When I dressed for garaging on Saturday and looked in the mirror, I just felt cute. Perhaps women my age aren’t supposed to feel cute. I admit it's not terribly dignified. But then I'm the person who wears fabric Mary Janes in public. Dignified does not seem to be my style.

My latest Curious George watch seemed to go really well with the fifty cent shirt I got a few weeks ago,

and Noll Baxter had thoughtfully provided me with some matching cat hair for my jeans.

It promised to be a gorgeous fall day. Even though the pickings have been slim the last few Saturdays I harbored the optimism that all gamblers feel as they start off. I just knew I would be a big winner today, in stories if not in stuff.

First stop, as always, was my local donut shop. This is partly for a pastry, but also to break a $20 bill from the ATM. (Wish those machines had a dial to let you choose the denominations of the bills; for garaging you want the lowest possible. It's embarrassing to bargain for something and then whip out a twenty and ask for change.) When I returned to the almost-empty parking lot, I saw an old man standing by his old Cadillac (late sixties model, I think), squeegee-ing off the night’s condensation. Not just the windows, the entire car. Those things are as big as a barge; his ministrations must have taken forever. I couldn’t help wondering how he’d ended up in this parking lot for the task. Did he forget to squeegee before he left home and only remembered as he passed my donut shop? Maybe his wife makes fun of him for the tender loving care he lavishes on his vintage car, and he squeegees in secret? Maybe he’s there every morning, drying off his car and then rewarding himself with a pastry and a friendly smile from my donut ladies, Mel and Kim. As with so many things in life, I'll never know the answer.

First sale I stopped at netted a couple of items. The things I didn’t buy included a dog crate with wall-to-wall carpeting (when I commented on it, the seller told me that they had bought their dog a crate big enough for him and his wife, and the dog gets the rest of the house) and this lovely yoga kit.

Honestly, yoga in a box. Yes, I am rolling my eyes. Om, indeed!

Next stop didn’t have anything to buy, but they did have Molly, an adorable Basset hound.
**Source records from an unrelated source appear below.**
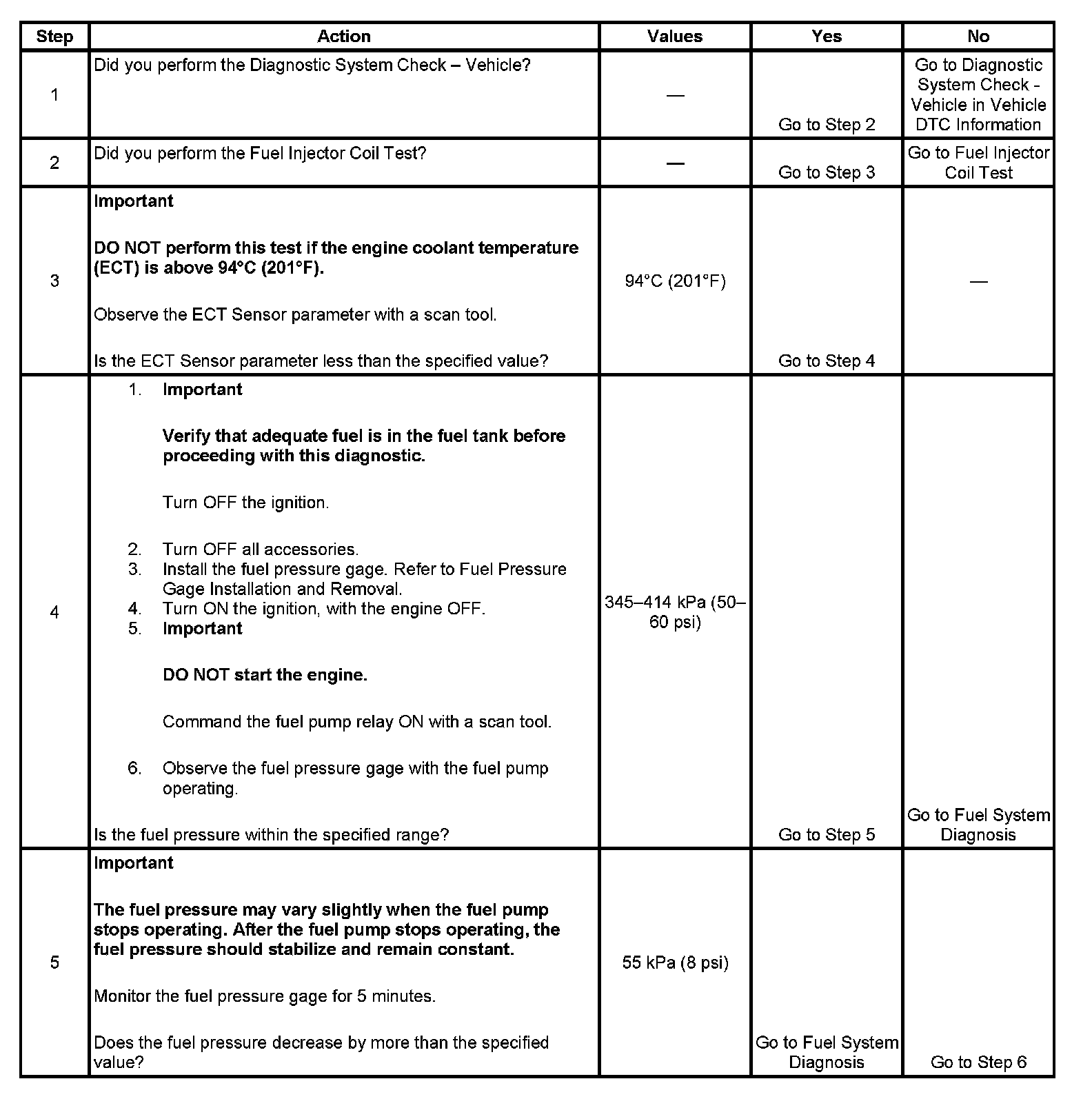 3. The engine coolant temperature (ECT) must be below the operating temperature in order to avoid irregular fuel pressure readings due to hot soak fuel boiling.
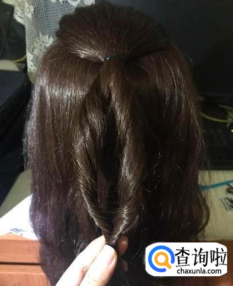 后区剩下的头发可以选择披散着,也可以与辫子合并扎起来。
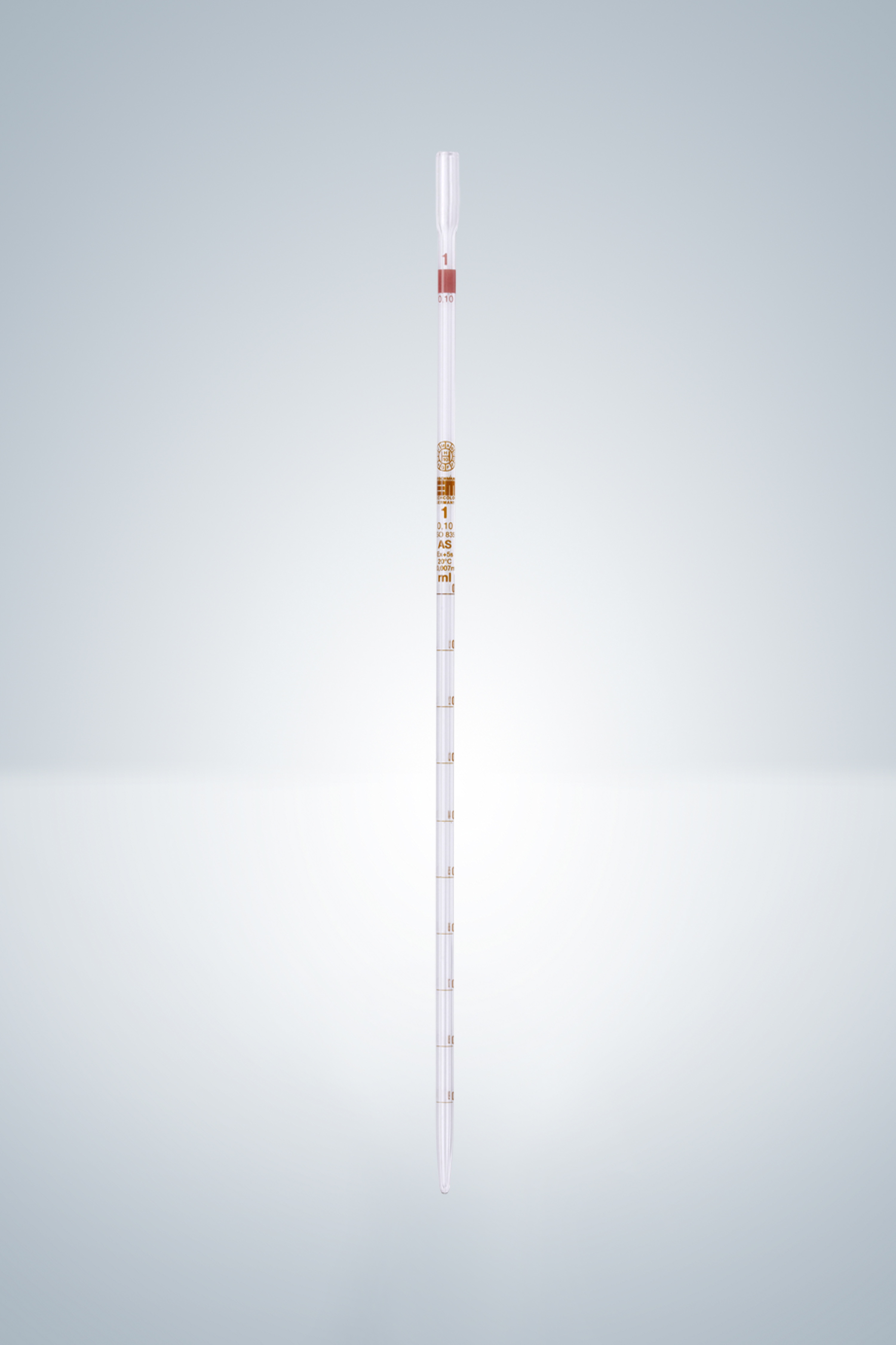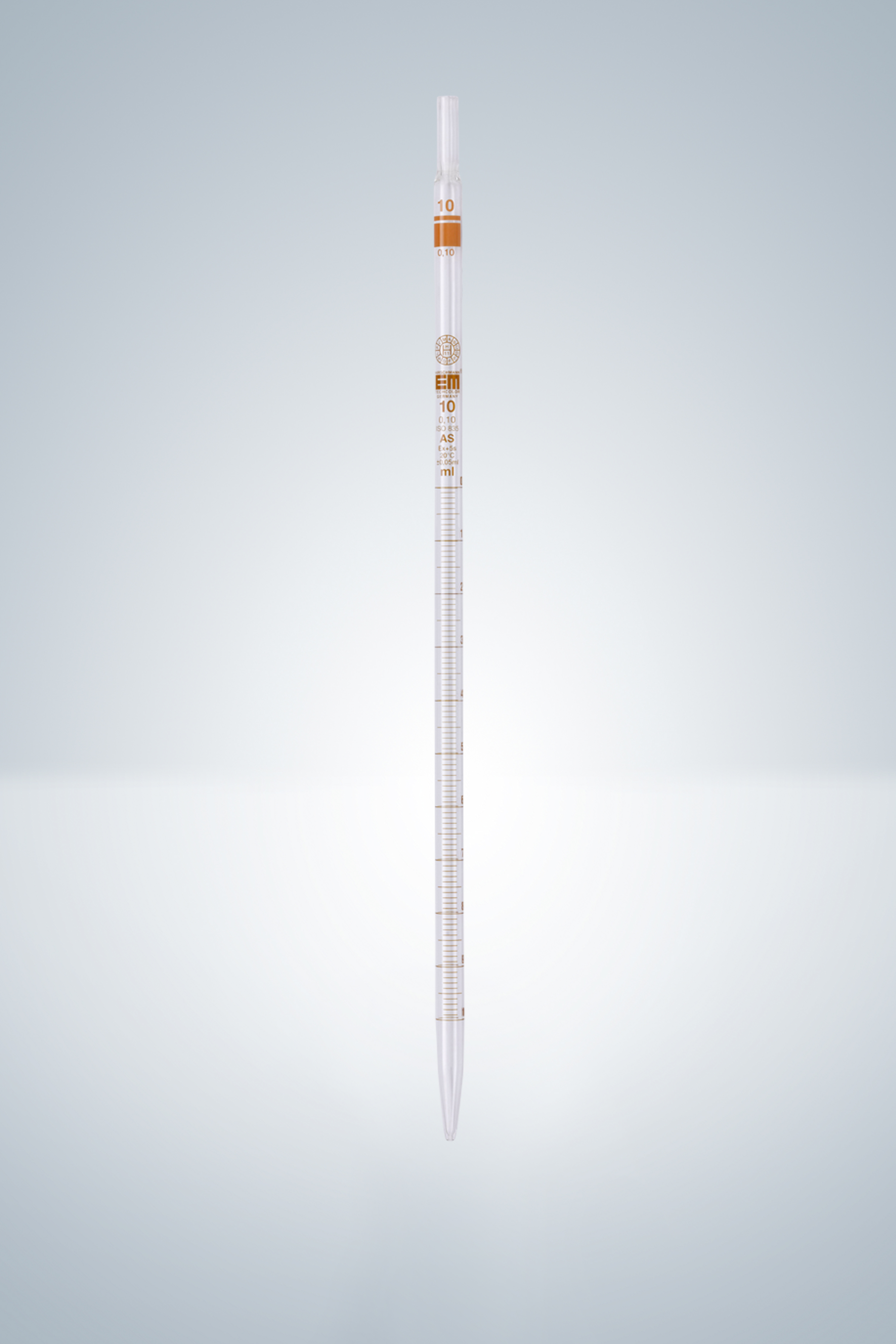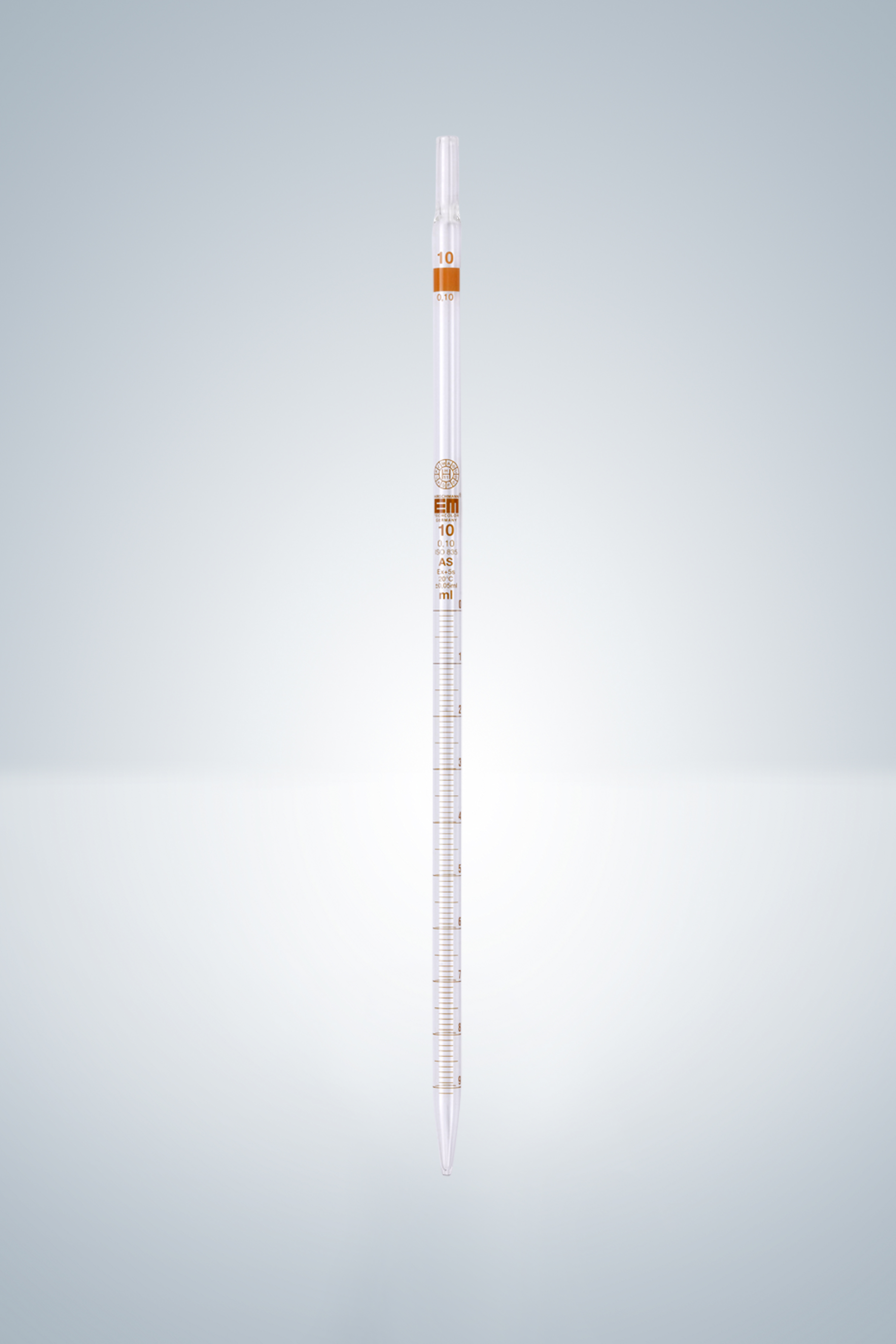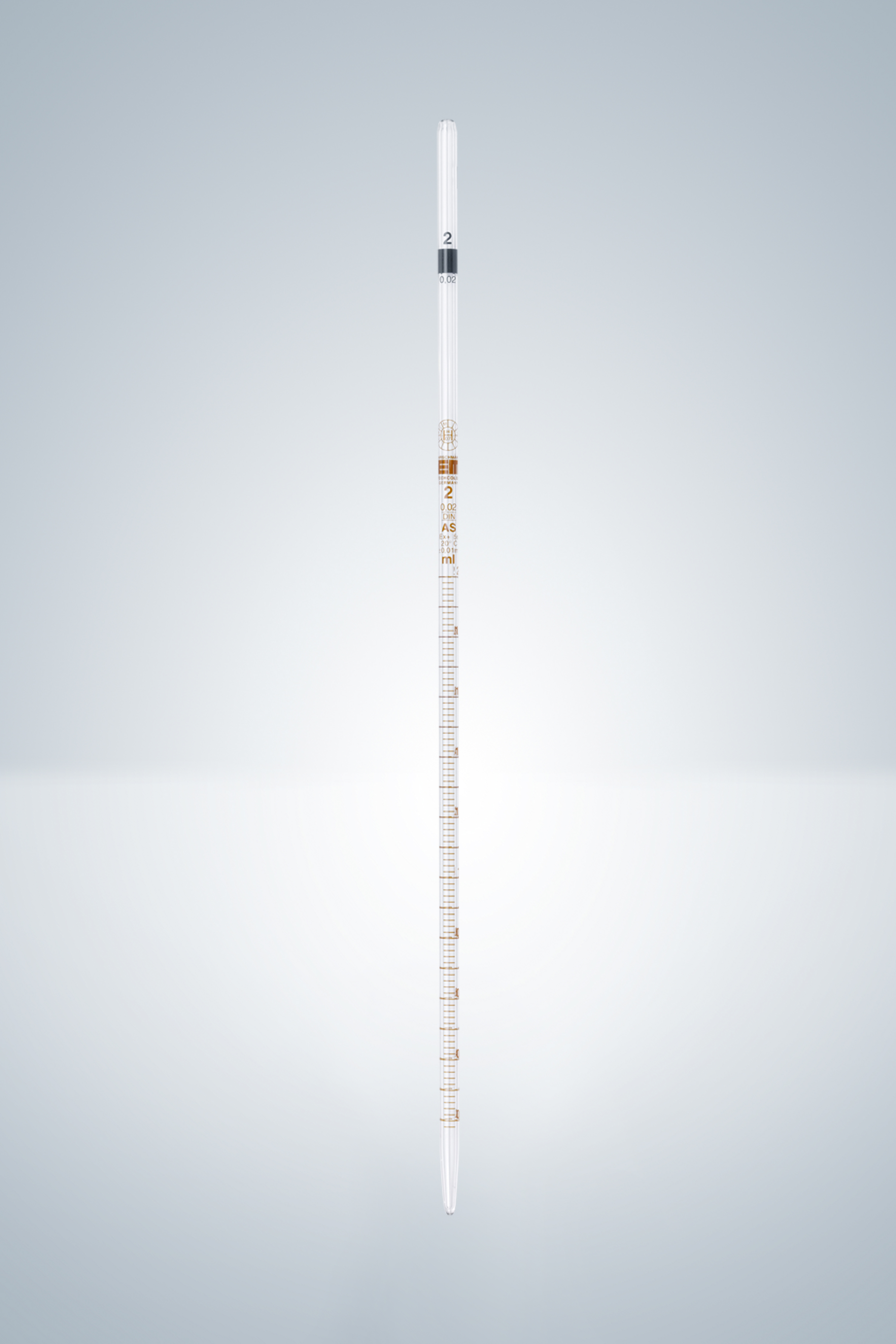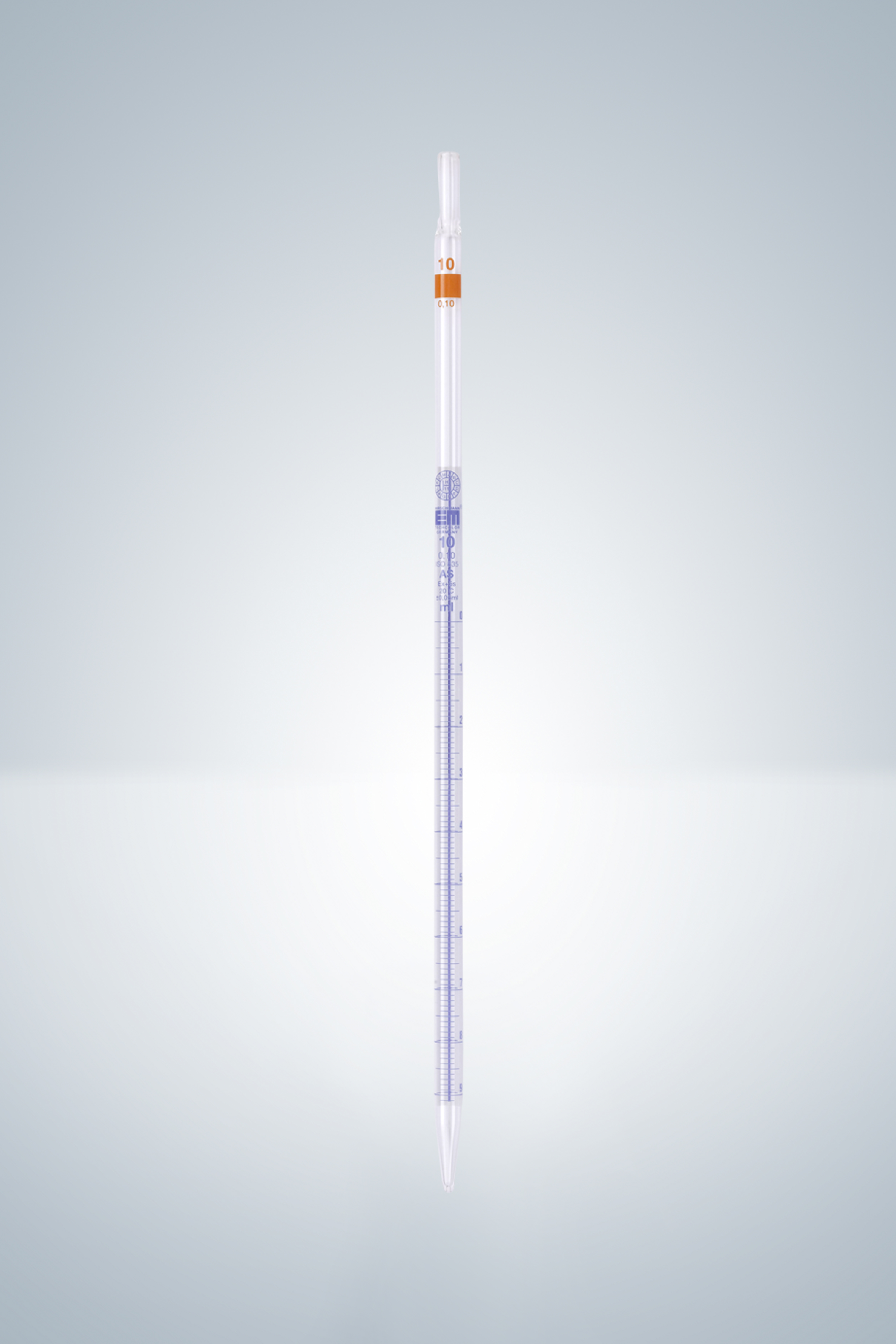 Pipeta graduada, Cl. B, graduación permanente en ámbar por difusión de plata, Vidrio sódico-cálcico.
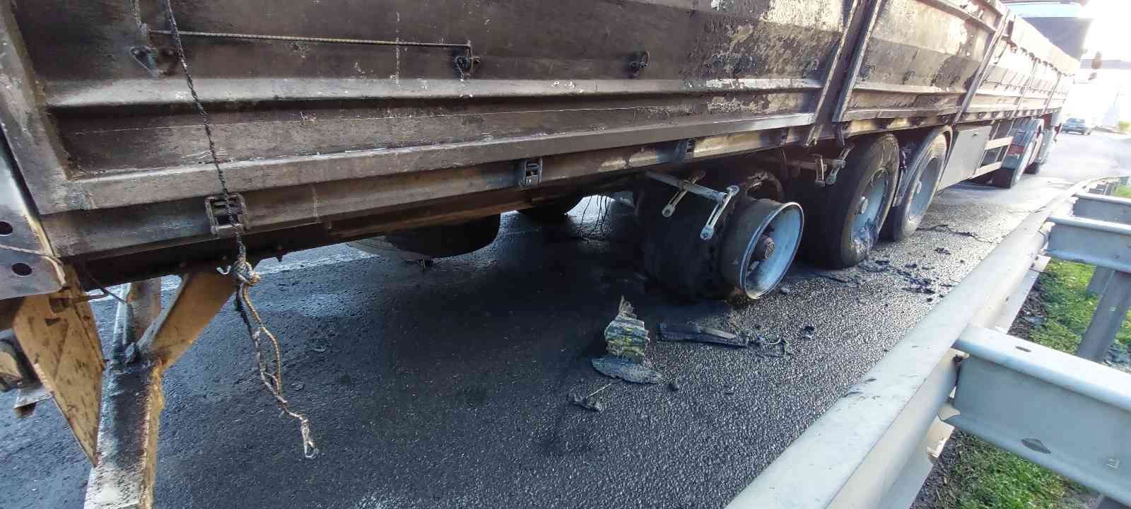 İstanbul’dan Çanakkale’ye kiltaşı götüren tır Tekirdağ’da seyir halindeyken alev aldı.Tır yangını İstanbul-Tekirdağ yolu üzeri Hayrabolu Kavşağında meydana geldi. Edinilen bilgiye göre, İstanbul’dan Çanakkale’ye kiltaşı götüren A.Ş. idaresindeki 17 ZB 910 plakalı tır, seyir halindeyken bir anda lastiği patlayarak balatalarından alev çıktı. Alevleri fark eden tır sürücüsü, aracı sağa çekerek yangına müdahale etmeye çalıştı. Tırdaki alevleri fark eden çevredeki vatandaşlar da durumu itfaiyeye bildirdi. Kısa sürede itfaiye ekipleri de olay yerine gelmesiyle tırda çıkan yangın büyümeden söndürüldü. Olay yerine gelen polis ekipleri çevrede güvenlik önlemleri alırken, söz konusu yangının çıktığı tır ise güvenli bölgeye alındı.
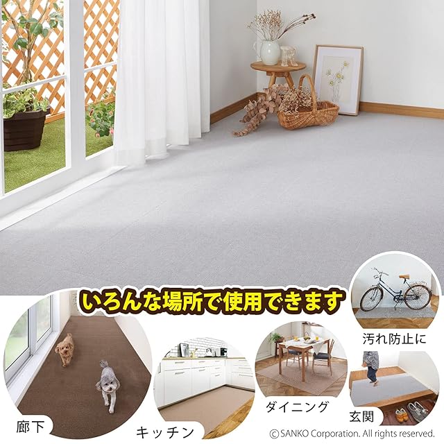 【敷く場所は自由自在】 リビング、ダイニング、キッチン、ペットマット、廊下、玄関などいろんな場所で使用可能。ハサミでカットできるので凸凹部分も敷き詰められます
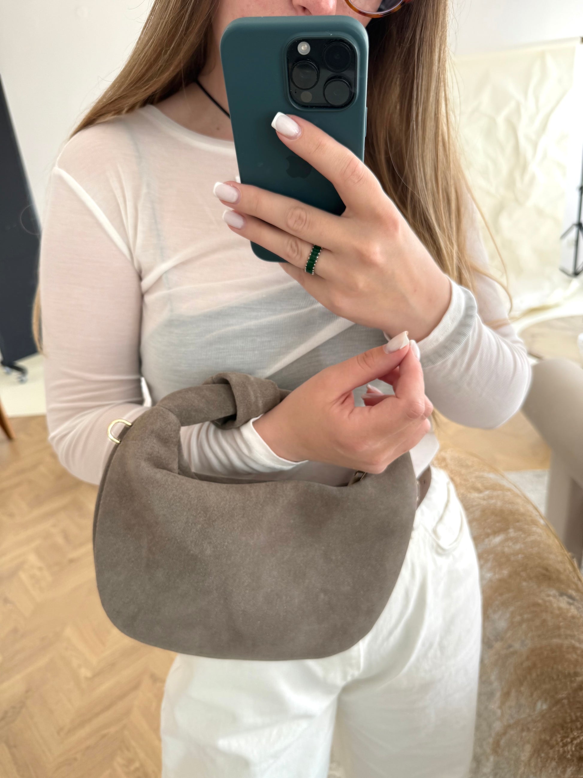 Materiał: naturalny zamsz
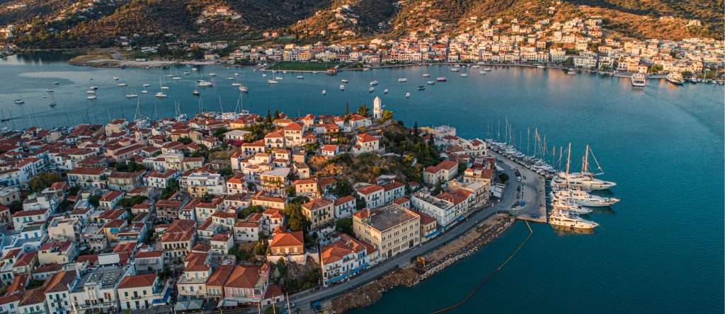 As you approach, the first thing you will spot is the iconic 1927 clock tower which stands at the highest point. We would recommend walking up to take in the magnificent views at sunset before heading back into the town for dinner. There is plenty of choice when looking for a restaurant, especially when looking for fresh seafood. From here you can explore the many bays the islands have to offer and it is a stone’s throw to the ancient Corinth Canal, just over 30NM to the north-west. Due to its vicinity to Athens, it’s a good spot to meet family and friends who fly in and can jump on a ferry to the island.

When I took her picture, her girl ran inside and came back out with another picture to show me of Molly in the snow. So Molly is a traveling dog, because I guarantee you that snow was not from around here.

I thought Molly might just be the highlight of the morning. Really, you have to go some to beat a Basset. But after a few more stops I came to one piled high with all kinds of stuff. As soon as I pulled up to the curb they were offering to help me fit an enormous shelf unit into my back seat. I countered by admitting I'm not allowed to bring home any more furniture (which is true—this house is plenty full and I do like to be able to walk from room to room). We chatted as I shopped, and as I was leaving I noticed a kumquat tree loaded with fruit. Oooooh, kumquats, I murmured. “I don’t like them,” the woman told me, “you want some?” Her son went into the garage, brought out a ladder and proceeded to pick a bag of fruit for me.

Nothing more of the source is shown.